On Outsourcing To OEMs, And Dealing With The FDA
More often than not, it is not feasible to build your own factory especially if your volume is not large. A lot of times, we have ideas and want to test the market, but first need to have those ideas built into reality. In most cases, it doesn’t make sense investing time and money to set up a factory. Using somebody else’s manufacturing capacity, you can be up and running tomorrow.
Nowadays, everybody does OEM. If a company has a manufacturing component, they will typically make a product to your specifications, and produce it with your brand and packaging. Most are pretty straight forward- you choose what you need based on what they offer and have it made. The bigger the volume the lower the price. Once you start experimenting with foods or new products however, it gets a little more complex.
Naturally, you will have to provide the raw materials on your own, particularly if you are trying to introduce something new to the market. When that happens, things get a little greasy, since the producer of those raw materials generally has guidelines that need to be followed, and the materials themselves need to be registered with the government. On the upside, nobody else can copy you, being that the materials came from a source unique only to you.
Before anything happens, never forget to have your contract manufacturer sign a NDA prior to revealing your formulations. They will typically give you 5 years without much hassle. The worst thing that could happen to you is they start producing your idea and selling it on their own. Why wouldn’t they? If they can make it for you they can make it for themselves too, and most factories partake in some kind of B2C using their own brands.

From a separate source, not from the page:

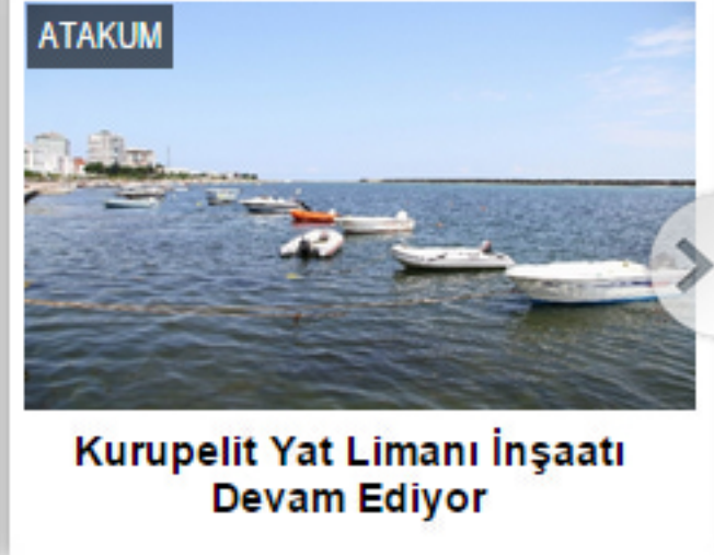
Kurupelit Yat Limanı İnşaatı Devam Ediyor

In our industry, there are only a handful of factories with the capacity to produce pharma products. Fortunately, we found one willing to produce what we need, and they happen to be one of the largest pharma companies in Thailand. That could be good or bad, depending which way you slice it.
In the pharma business, there is typically a Chinese wall between the sales and production units. As a matter of fact, the sales and marketing are usually cordoned off into a completely separate company from the manufacturing business and are treated as such by the employees, albeit the shareholders are the same. This keeps the interests of the C-level execs aligned, and if there really is no interaction between the two units, you can probably get away outsourcing your product to the factory side without the marketing side stealing your ideas.
CJ and I took the day off the travel out of Bangkok to visit their laboratory in the suburbs. We had our suppliers also fly in from Singapore to join us, mainly for compliance duty. The materials we will handle are very delicate, and temperature and humidity need to be monitored closely at all times. Their role was to see if this factory was up to standards.
What’s interesting is that each country follows a slight variation of the law when it comes to the FDA. In Thailand, for example, the FDA will allow us to claim a shelf life of 24 months for our product based on an extrapolated 18 month result, whereas in Singapore that is a big no-no. Ostensibly, it also depends on how well you reason and who is on the other end making the decision.
Long story short, this factory abides to one of the highest standards in Thailand in big pharma and we will most likely proceed with them in the interim. The load of paperwork and registration that needs to be completed before then that cannot be described by a single blog post, and I anticipate at least another 3 months before we can run our first production batch.